# Who Made The Bike Holder That Goes On The Tounge Of Camper



## Duanesz (Jul 10, 2009)

One of the members made a bike holder that went on the tongue of trailer where the front tires touched just above the propane tanks. It was a simple design and looked good to. We have the rear slide on our 25rss and I dont want to get the bikes off everytime we pull the slide out if I have a standard bike rack for rear bumper.

Duane


----------



## luverofpeanuts (Mar 9, 2010)

I think this the Canadian company that makes them. I have no first hand knowledge of them, but it seems to be a decent option. The website leaves a little to be desired, so I think calling them would be the only way to get the up to date information.

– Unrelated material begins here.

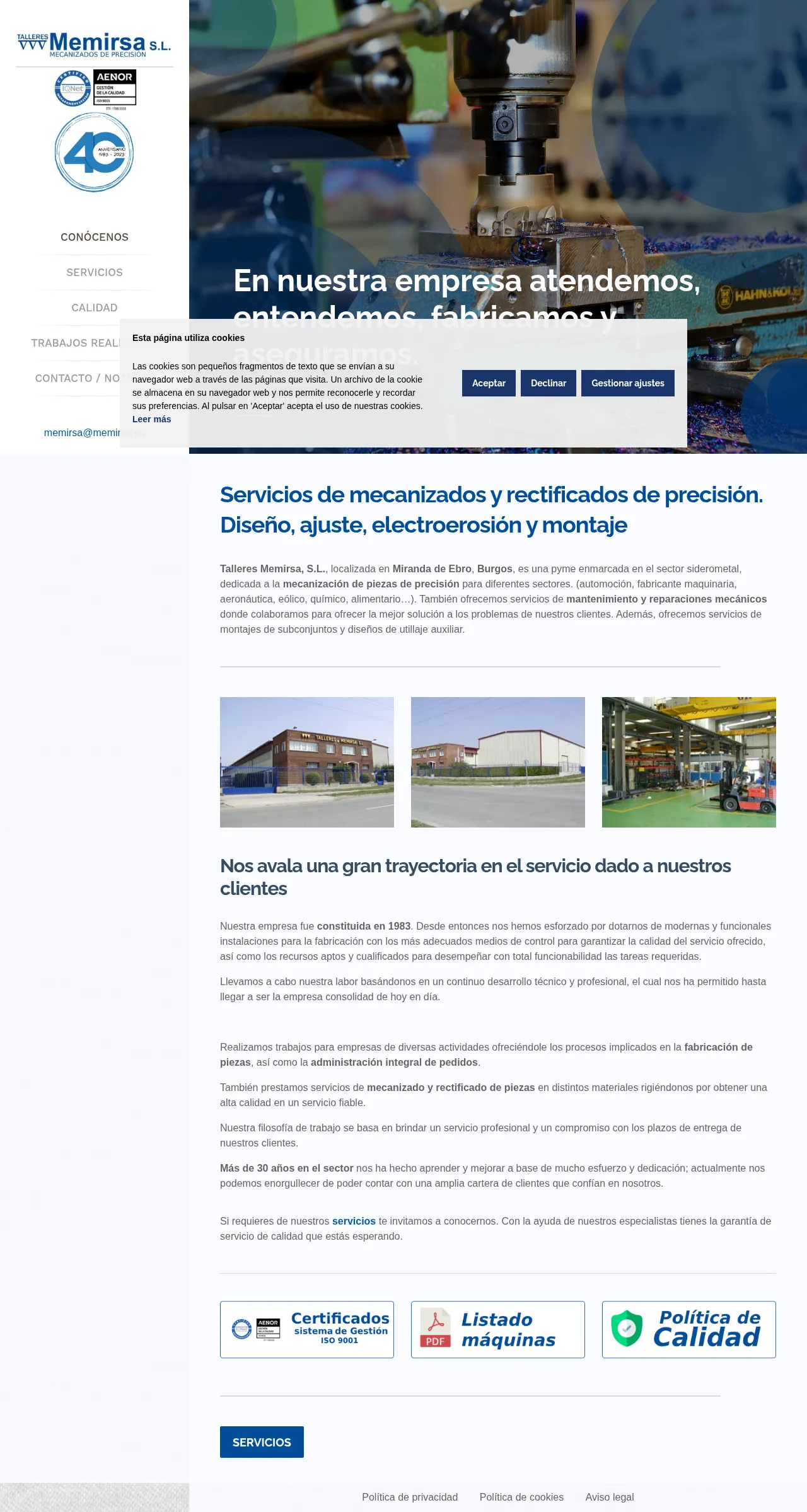 Established in 1983, Talleres Memirsa, S.L. is an industrial metalworking company specializing in high-precision machining and grinding. The company provides a range of manufacturing services, including CNC machining, electro-discharge machining (EDM), assembly of sub-assemblies, and auxiliary tool design. They serve a diverse client base across sectors such as automotive, aeronautics, wind energy, food production, and machinery manufacturing. With a focus on technical development and continuous improvement, the company utilizes modern facilities and advanced metrology to ensure quality and reliability. Talleres Memirsa is committed to delivering professional service and meeting strict client project timelines.
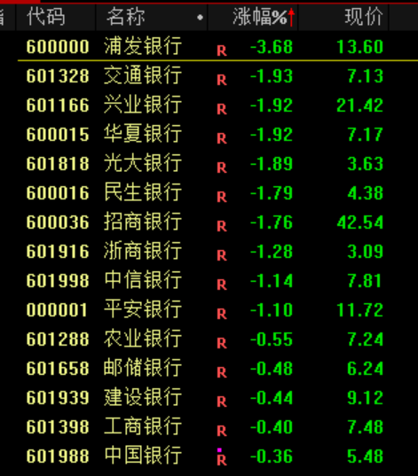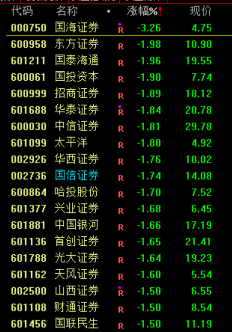 下跌方面,银行、券商等金融股走低,浦发银行跌超3%。

http://www.toppoprails.com/Traveltrailer.htm


----------



## Duanesz (Jul 10, 2009)

This one was homemade. The back wheel was right where you hook up the chains on the weight bars and the front tires where just above the tanks. It kind of looked like a upper case A. He just used a velcro strap to tie the two front bike tires together. It was a real neat and simple idea.


----------



## RLP14 (Jun 18, 2009)

Duanesz said:


> One of the members made a bike holder that went on the tongue of trailer where the front tires touched just above the propane tanks. It was a simple design and looked good to. We have the rear slide on our 25rss and I dont want to get the bikes off everytime we pull the slide out if I have a standard bike rack for rear bumper.
> 
> Duane


Duane,

I think you are speaking of member al b.


----------



## Duanesz (Jul 10, 2009)

Yup it was Al B. Thanks I found the pictures

Duane


----------



## Justman (Jul 22, 2006)

Duane,

Did you consider a front mounted bike rack? Easy to get on and off, and you always know when you've lost a bike!


----------



## CTDOutback06 (Apr 16, 2007)

Justman said:


> Duane,
> 
> Did you consider a front mounted bike rack? Easy to get on and off, and you always know when you've lost a bike!


You wouldn't be speaking from experience now would you???!!!


----------